*EXERCISE REQUIREMENTS*.
Here is the task for the records below: repeat exactly the lines from the one with "二人の大げさな表情が昭和特撮ポスター風?" to the one with "在婺城,有一座美丽古村,与唐", both included, and nothing else.

*SOURCE INFORMATION*.
□ □ □
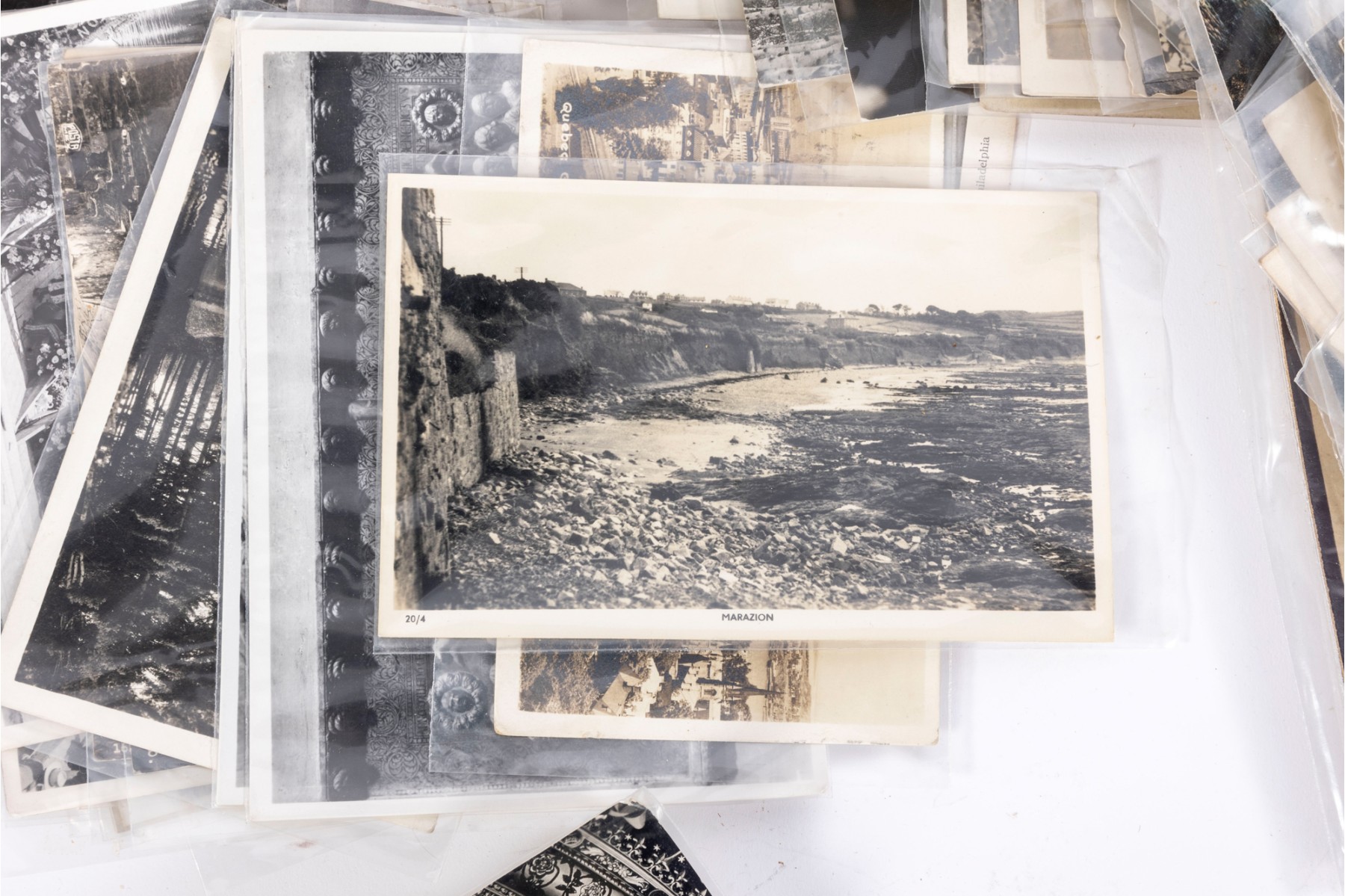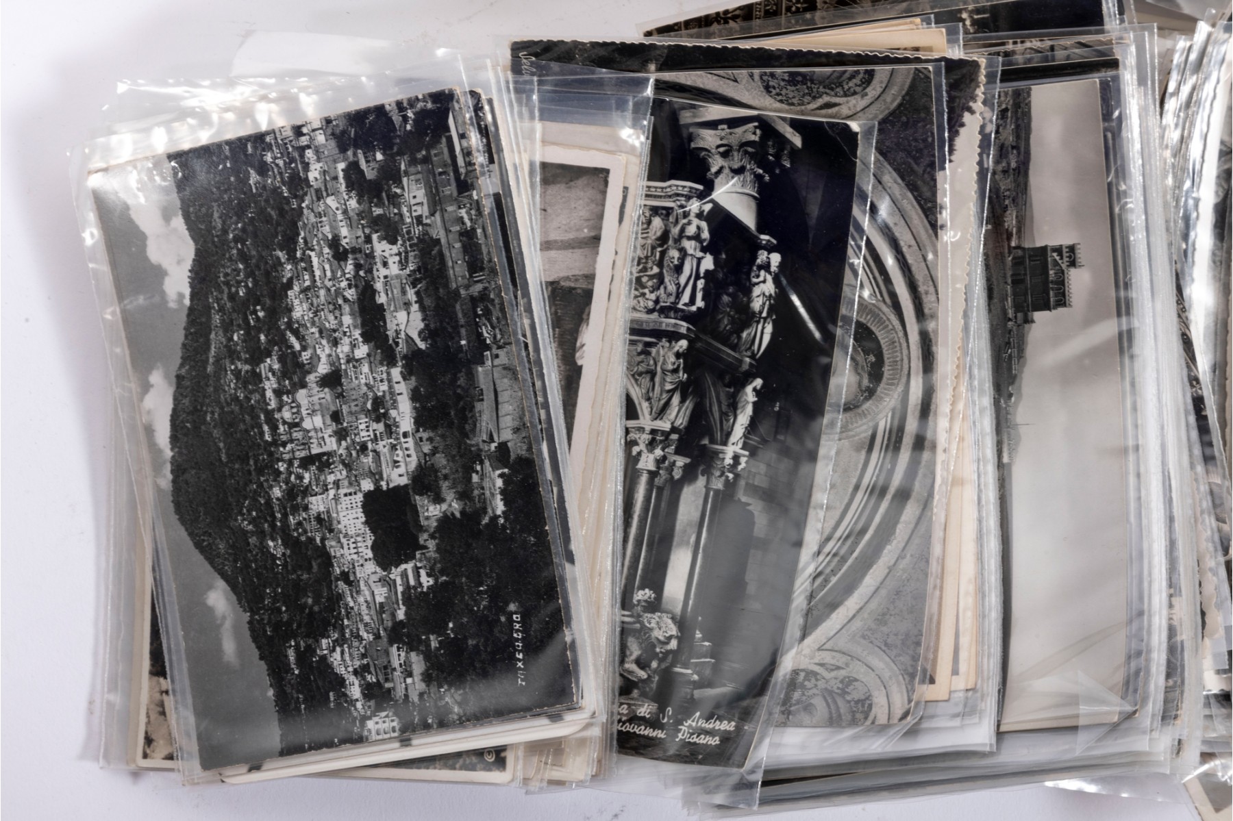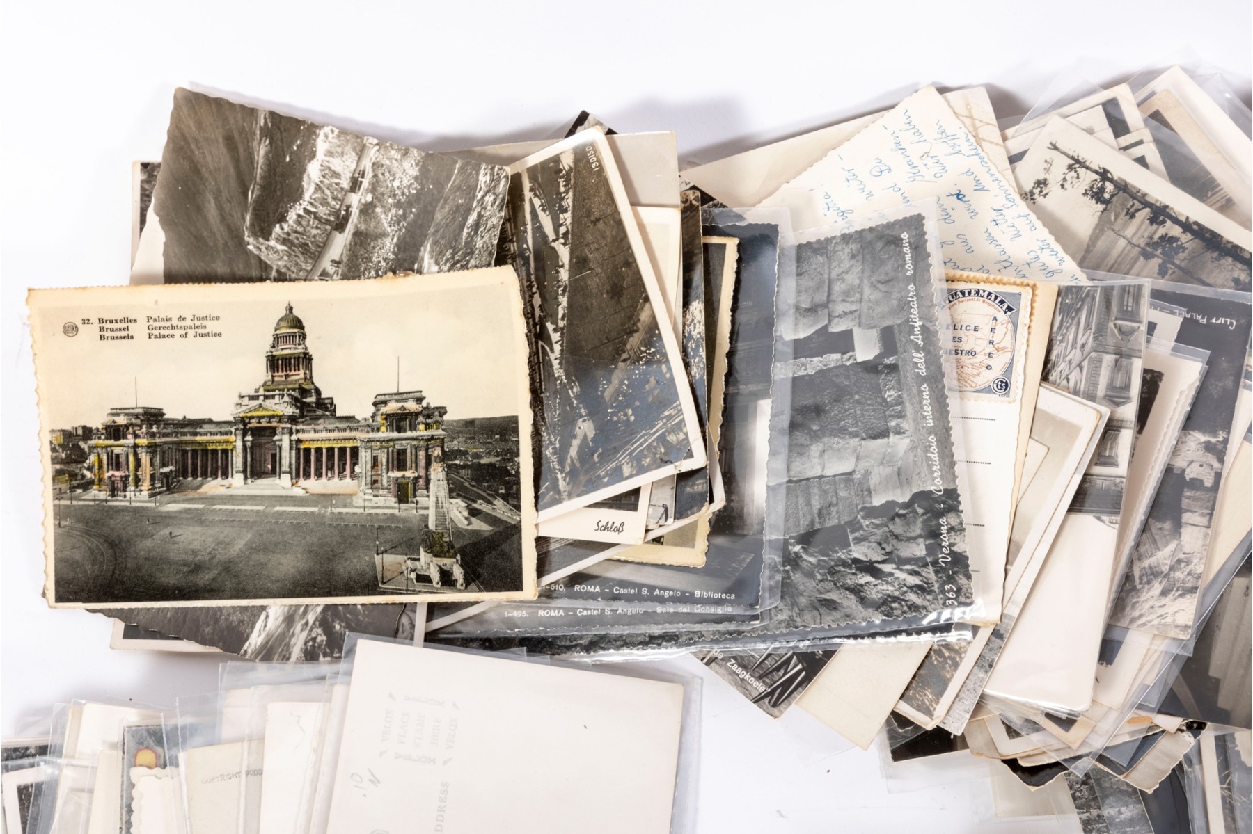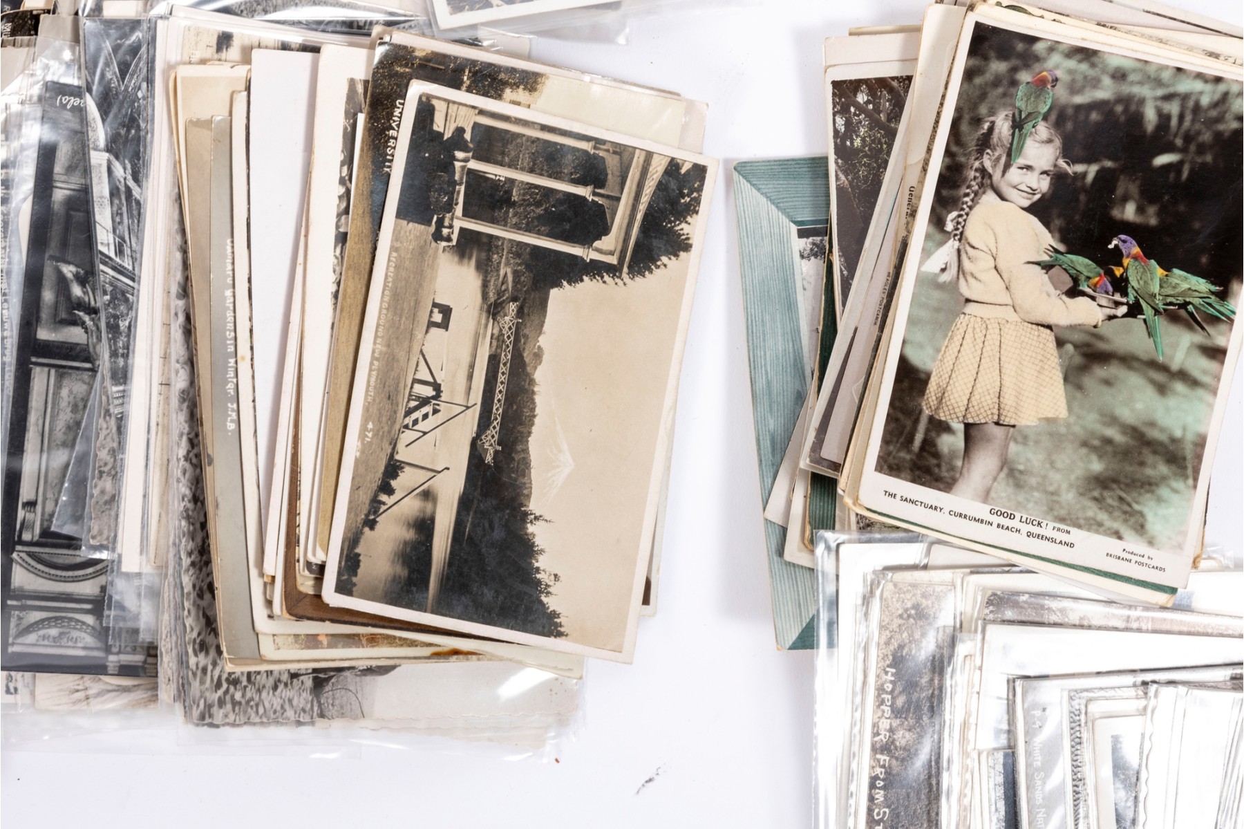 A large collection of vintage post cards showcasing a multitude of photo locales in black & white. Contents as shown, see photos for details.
□ □ □
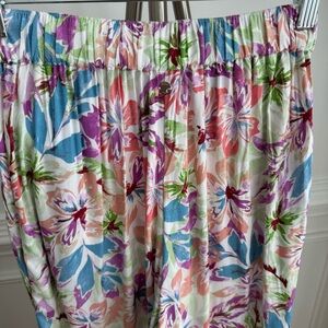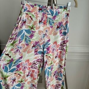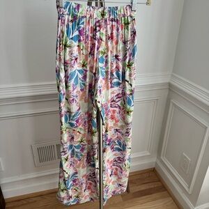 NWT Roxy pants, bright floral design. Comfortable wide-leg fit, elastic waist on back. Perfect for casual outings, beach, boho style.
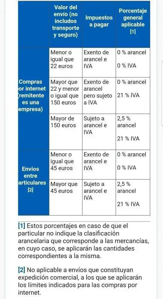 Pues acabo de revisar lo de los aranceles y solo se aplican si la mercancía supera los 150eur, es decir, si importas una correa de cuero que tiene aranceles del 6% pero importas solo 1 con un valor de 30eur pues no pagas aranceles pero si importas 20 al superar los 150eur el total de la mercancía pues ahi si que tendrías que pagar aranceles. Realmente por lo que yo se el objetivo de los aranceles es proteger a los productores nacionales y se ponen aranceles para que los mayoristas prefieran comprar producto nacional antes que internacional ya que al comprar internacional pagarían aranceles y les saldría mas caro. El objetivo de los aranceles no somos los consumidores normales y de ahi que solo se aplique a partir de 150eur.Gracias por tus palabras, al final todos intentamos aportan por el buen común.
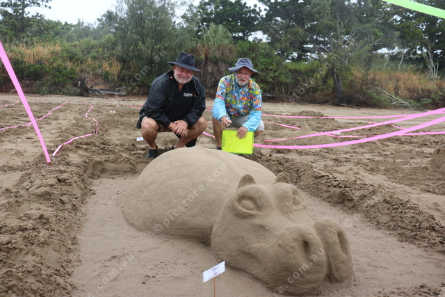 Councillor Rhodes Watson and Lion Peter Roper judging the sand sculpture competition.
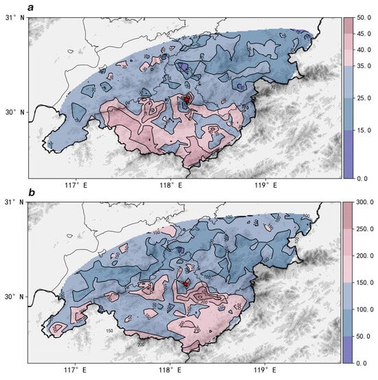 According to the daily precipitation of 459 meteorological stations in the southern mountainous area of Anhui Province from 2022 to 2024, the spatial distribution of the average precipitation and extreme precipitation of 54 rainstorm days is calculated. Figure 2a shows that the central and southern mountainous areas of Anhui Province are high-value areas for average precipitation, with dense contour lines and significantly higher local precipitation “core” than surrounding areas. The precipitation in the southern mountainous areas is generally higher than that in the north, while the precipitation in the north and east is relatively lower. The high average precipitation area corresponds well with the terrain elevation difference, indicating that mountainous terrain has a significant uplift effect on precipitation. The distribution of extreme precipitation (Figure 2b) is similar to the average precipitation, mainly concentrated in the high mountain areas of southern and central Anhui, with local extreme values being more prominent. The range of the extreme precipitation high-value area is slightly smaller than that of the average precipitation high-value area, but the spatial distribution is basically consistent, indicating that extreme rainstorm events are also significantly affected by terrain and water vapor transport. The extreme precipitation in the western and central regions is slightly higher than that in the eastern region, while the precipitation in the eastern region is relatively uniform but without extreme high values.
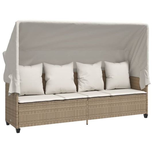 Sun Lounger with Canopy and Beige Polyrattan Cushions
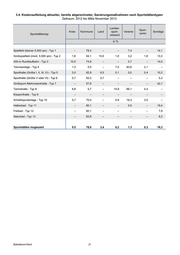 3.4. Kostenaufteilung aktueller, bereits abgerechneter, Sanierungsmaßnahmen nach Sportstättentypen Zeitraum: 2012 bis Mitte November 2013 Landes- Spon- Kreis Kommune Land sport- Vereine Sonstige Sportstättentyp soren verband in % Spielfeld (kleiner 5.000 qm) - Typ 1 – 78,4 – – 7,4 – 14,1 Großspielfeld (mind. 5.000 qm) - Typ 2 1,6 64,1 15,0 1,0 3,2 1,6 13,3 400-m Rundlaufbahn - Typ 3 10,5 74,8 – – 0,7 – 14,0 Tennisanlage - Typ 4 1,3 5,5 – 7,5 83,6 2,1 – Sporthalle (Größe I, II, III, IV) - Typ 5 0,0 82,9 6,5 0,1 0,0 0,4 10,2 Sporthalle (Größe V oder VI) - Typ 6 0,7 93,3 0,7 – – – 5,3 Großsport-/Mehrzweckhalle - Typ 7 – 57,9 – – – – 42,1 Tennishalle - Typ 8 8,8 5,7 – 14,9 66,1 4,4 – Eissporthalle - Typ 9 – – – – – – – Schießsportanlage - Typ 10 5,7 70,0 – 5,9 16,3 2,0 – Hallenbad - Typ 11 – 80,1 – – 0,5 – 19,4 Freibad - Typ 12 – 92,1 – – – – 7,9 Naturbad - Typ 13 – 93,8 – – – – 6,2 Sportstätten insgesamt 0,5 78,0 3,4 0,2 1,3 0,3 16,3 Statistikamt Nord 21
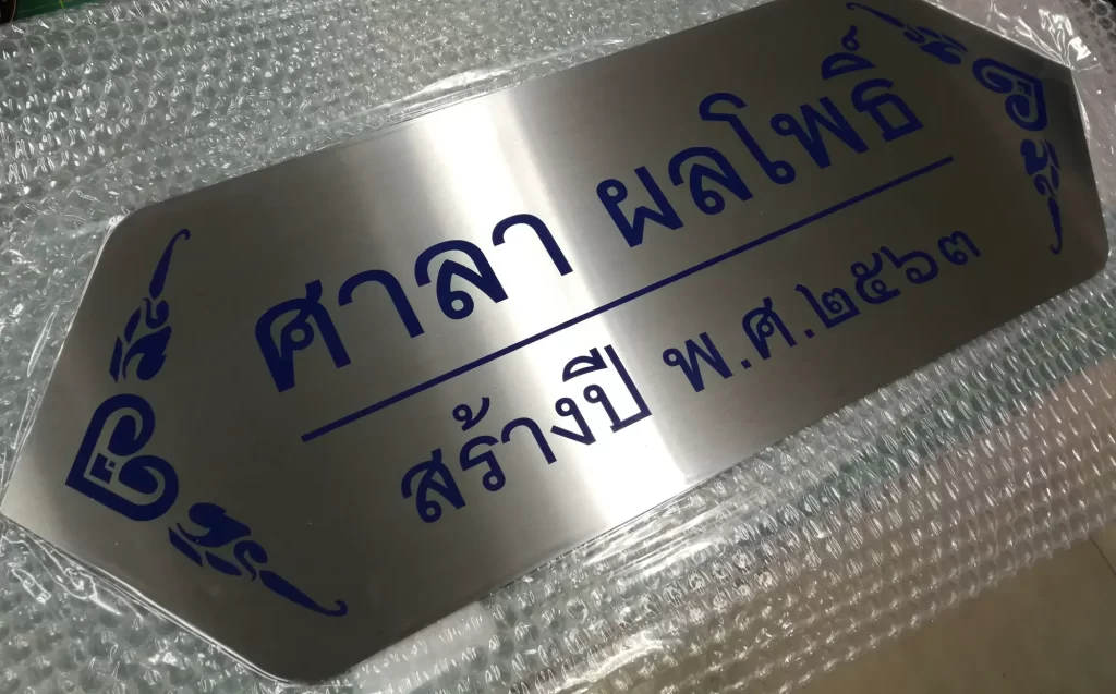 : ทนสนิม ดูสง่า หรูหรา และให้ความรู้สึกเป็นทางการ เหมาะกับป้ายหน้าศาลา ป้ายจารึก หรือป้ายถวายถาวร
□ □ □
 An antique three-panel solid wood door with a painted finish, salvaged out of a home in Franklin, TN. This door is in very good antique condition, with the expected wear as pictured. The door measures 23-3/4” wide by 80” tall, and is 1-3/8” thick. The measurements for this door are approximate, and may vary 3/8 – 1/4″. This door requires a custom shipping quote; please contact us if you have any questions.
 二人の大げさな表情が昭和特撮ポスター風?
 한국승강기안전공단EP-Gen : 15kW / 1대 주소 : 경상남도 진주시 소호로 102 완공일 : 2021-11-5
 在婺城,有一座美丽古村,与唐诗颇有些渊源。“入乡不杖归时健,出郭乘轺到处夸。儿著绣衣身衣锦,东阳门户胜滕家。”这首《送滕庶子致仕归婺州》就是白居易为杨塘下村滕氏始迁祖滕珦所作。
□ □ □
*RESULT*.
 二人の大げさな表情が昭和特撮ポスター風?
 한국승강기안전공단EP-Gen : 15kW / 1대 주소 : 경상남도 진주시 소호로 102 완공일 : 2021-11-5
 在婺城,有一座美丽古村,与唐诗颇有些渊源。“入乡不杖归时健,出郭乘轺到处夸。儿著绣衣身衣锦,东阳门户胜滕家。”这首《送滕庶子致仕归婺州》就是白居易为杨塘下村滕氏始迁祖滕珦所作。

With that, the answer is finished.